On Wed, Apr 21, 2021 at 11:30 AM Peter Zijlstra <peterz@xxxxxxxxxxxxx> wrote:
>
> On Tue, Apr 20, 2021 at 02:10:22AM -0700, syzbot wrote:
> > syzbot has found a reproducer for the following issue on:
> >
> > HEAD commit: 7af08140 Revert "gcov: clang: fix clang-11+ build"
> > git tree: upstream
> > console output: https://syzkaller.appspot.com/x/log.txt?x=15416871d00000
> > kernel config: https://syzkaller.appspot.com/x/.config?x=c0a6882014fd3d45
> > dashboard link: https://syzkaller.appspot.com/bug?extid=7692cea7450c97fa2a0a
> > compiler: Debian clang version 11.0.1-2
> > syz repro: https://syzkaller.appspot.com/x/repro.syz?x=145c9ffed00000
> > C reproducer: https://syzkaller.appspot.com/x/repro.c?x=12de31ded00000
>
> When I build that C file and run it, it completes. AFAICT that's not the
> expected outcome given we're looking for a hung-task scenario. Hmm?

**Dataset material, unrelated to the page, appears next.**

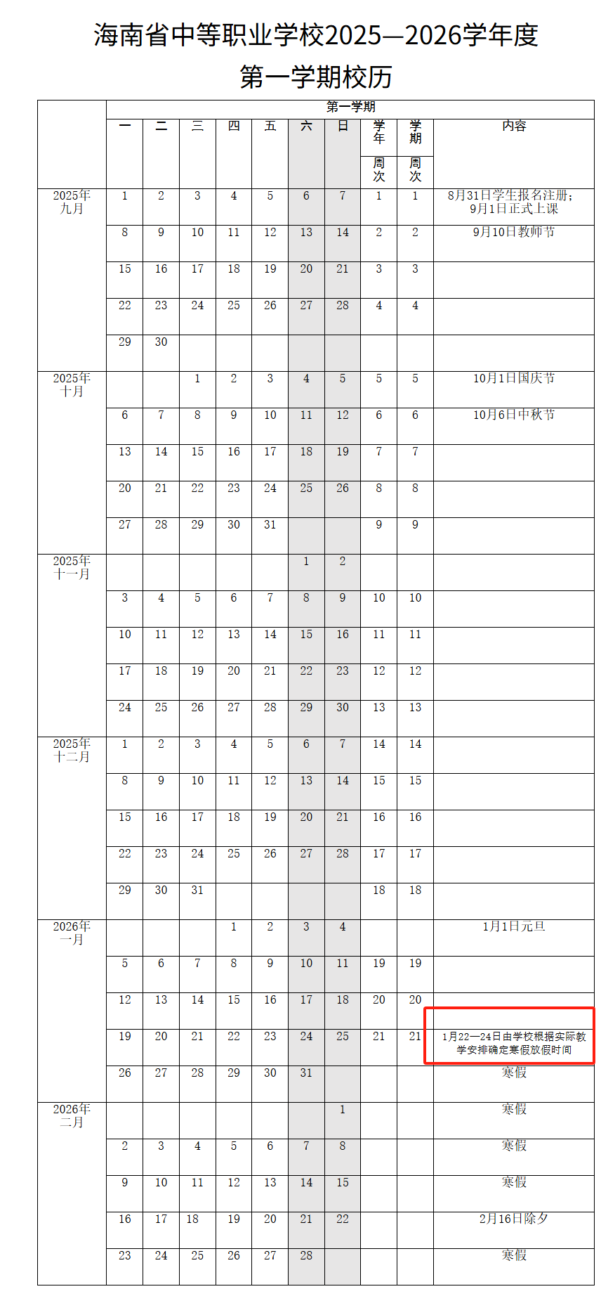中等职业学校校历2025-2026

I just reproduced it on some similar kernel I had. Maybe you used a
different config. Or maybe it requires a similar qemu machine.
However, the reproducer looks like a fork bomb and it produced
thousands of subprocesses and took some time.
In the past 2 years it's been happening all reproducers look similar
and involve clone and perf_event_open.



INFO: task a.out:13194 blocked for more than 143 seconds.
Not tainted 5.12.0-rc5-next-20210330 #113
"echo 0 > /proc/sys/kernel/hung_task_timeout_secs" disables this message.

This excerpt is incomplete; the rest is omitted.